Она изумленно, широко открытыми глазами смотрела на него. Антон глядел через балконную решетку на зеленые верхушки деревьев. Говорил словно самому себе:
— Знаешь, папа теперь будет постоянно работать в Барнауле. Это лучше. А нам с мамой как же? Не хочется все время жить без папы да без папы… И ему без нас, наверно, не очень-то хорошо. Вот вчера вечером мы втроем все обсудили. Решили всей семьей перебраться на Алтай. И маме там очень понравилось.
Маринка молчала. Антон глянул на нее и увидел, что уголки рта у нее опускаются. Ну точь-в-точь как бывает, когда человек собирается заплакать.
— Ты что? Ты не плакать ли вздумала? — притронувшись к ее руке, спросил Антон.
— Ничего я не вздумала плакать, — глотая слезы, сердито ответила Маринка. — Просто я не хочу, чтобы ты уезжал на всю жизнь.
— Но если надо?
— Почему это обязательно надо?
— Ведь папе нужно работать на Алтае, а как же нам с мамой без папы? Думаешь, очень хорошо нам без папы?
— Значит, ты и плавать не будешь теперь?
Антон улыбнулся. Он словно утешал Маринку:
— Еще как буду!

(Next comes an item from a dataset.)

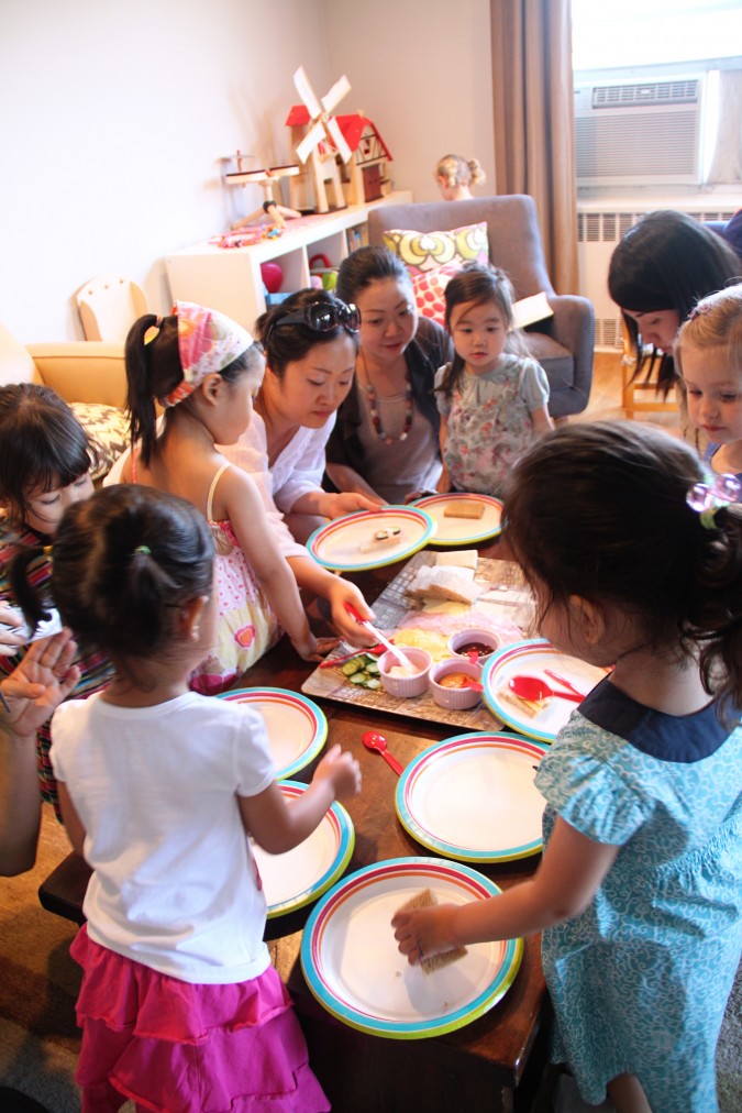 아이들은 공작이나 게임을 찾다 마땅한게 없어서 그냥 직접 티 샌드위치를 만들게 하니 승연이도 샌드위치 하나를 거뜬히 해치우더라는… 햄과 치즈넣고 그위에 피넛버터와 마요네즈 발라 먹는 아이들…ㅋ

Знаешь, какие реки на Алтае?
И он принялся рассказывать, какие голубые и быстрые там реки, и горы какие… И озера среди гор. А цветы — ого! — каждый чуть ли не с арбуз величиной. Красота там. Люди сильные. Рудники огромные, заводы.
— А Москва?
— Москва-то, ясно, что и говорить, — Москва! Но все-таки папа очень любит Алтай! И маме там понравилось. А я тебе оттуда напишу.
— Напишешь? Мне? Письмо? — подавшись вперед, спросила Маринка.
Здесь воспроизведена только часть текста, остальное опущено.